Your instructions >> Keeping pictures out, repeat the lines of the listing below exactly, starting at its first line and finishing with the one that holds "Курицу нарежьте на".
Data section start
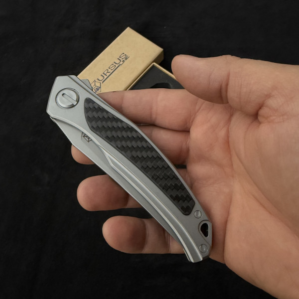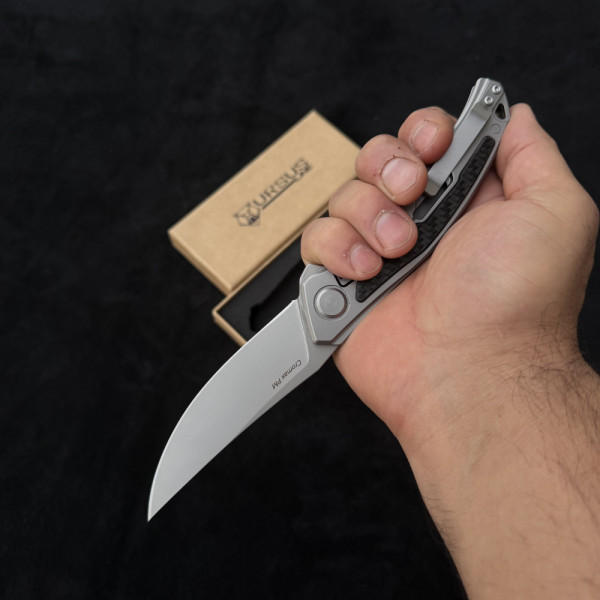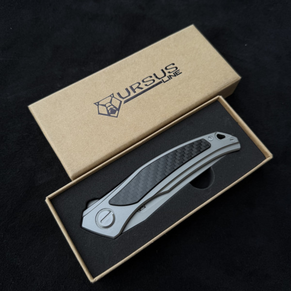 Премиум сгъваем нож URSUS Line GREY от прахова стомана Cromax PM, дръжка титан и карбон
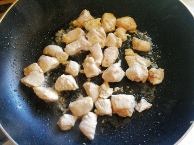 Курицу нарежьте на небольшие кусочки. На горячую сковороду налейте немного растительного масла и выложите курицу. Обжарьте её на сильном огне со всех сторон до золотистой корочки.
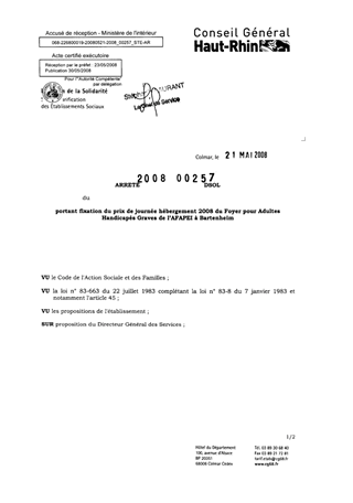 portant fixation du prix de journée hébergement 2008 du foyer pour adultes handicapés graves de l'AFAPEI à BARTENHEIM. Resumé Pièces jointes ARRETE Assemblée : Non défini Date : 21/05/2008 Rapporteur : Non défini Collectivité : Conseil départemental du Haut-Rhin Direction : Non défini Service : Service de la Tarification des Etablissements Domaine : Prix de Journée Commission :
Data section end
Your response >>
 Премиум сгъваем нож URSUS Line GREY от прахова стомана Cromax PM, дръжка титан и карбон
 Курицу нарежьте на небольшие кусочки. На горячую сковороду налейте немного растительного масла и выложите курицу. Обжарьте её на сильном огне со всех сторон до золотистой корочки.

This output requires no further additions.